## WHAT YOU SHOULD DO
Start at the line with "Czy uczestników rynku" and print every line through the end of the material below. Keep it exact and free of pictures.

## GIVEN MATERIAL
......

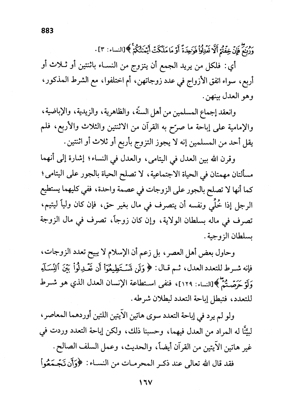 ولو لم يرد في إباحة التعدد سوى هاتين الآيتين اللتين أوردهما المعاصر، لبيَّنَّا له المراد من العدل فيهما، وحسبنا ذلك، ولكن إباحة التعدد وردت في غير هاتين الآيتين من القرآن أيضاً، والحديث، وعمل السلف الصالح.
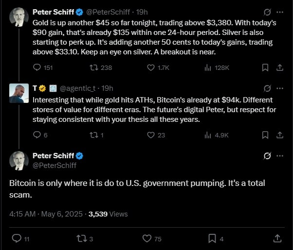 Czy uczestników rynku zniechęcają opinie podobne do tych, które prezentuje Peter Schiff? Wczoraj znany ekspert stwierdził, że „Bitcoin jest tam, gdzie jest, tylko dzięki pompowaniu przez rząd USA”oraz że ten token to „totalny scam”. Wydaje się, że takie opinie nie mają aż takiego znaczenia. Krytyka Bitcoina nie jest niczym nowym. Ciekawsze wydaje się pytanie — która grupa inwestorów ma rację?
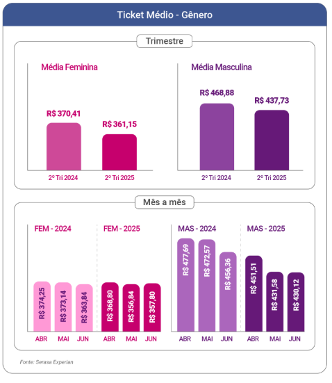 No recorte por gênero, os homens apresentaram uma redução mais acentuada, passando de R$ 468,88 para R$ 437,73, uma diferença de R$ 31,15. Já o ticket médio entre as mulheres caiu de R$ 370,41 no segundo trimestre de 2024 para R$ 361,15 no mesmo período de 2025, uma retração de R$ 9,26. No gráfico abaixo, o valor do ticket médio a cada mês no trimestre em 2024 e 2025.

......

## COMPLETED EXERCISE
 Czy uczestników rynku zniechęcają opinie podobne do tych, które prezentuje Peter Schiff? Wczoraj znany ekspert stwierdził, że „Bitcoin jest tam, gdzie jest, tylko dzięki pompowaniu przez rząd USA”oraz że ten token to „totalny scam”. Wydaje się, że takie opinie nie mają aż takiego znaczenia. Krytyka Bitcoina nie jest niczym nowym. Ciekawsze wydaje się pytanie — która grupa inwestorów ma rację?
 No recorte por gênero, os homens apresentaram uma redução mais acentuada, passando de R$ 468,88 para R$ 437,73, uma diferença de R$ 31,15. Já o ticket médio entre as mulheres caiu de R$ 370,41 no segundo trimestre de 2024 para R$ 361,15 no mesmo período de 2025, uma retração de R$ 9,26. No gráfico abaixo, o valor do ticket médio a cada mês no trimestre em 2024 e 2025.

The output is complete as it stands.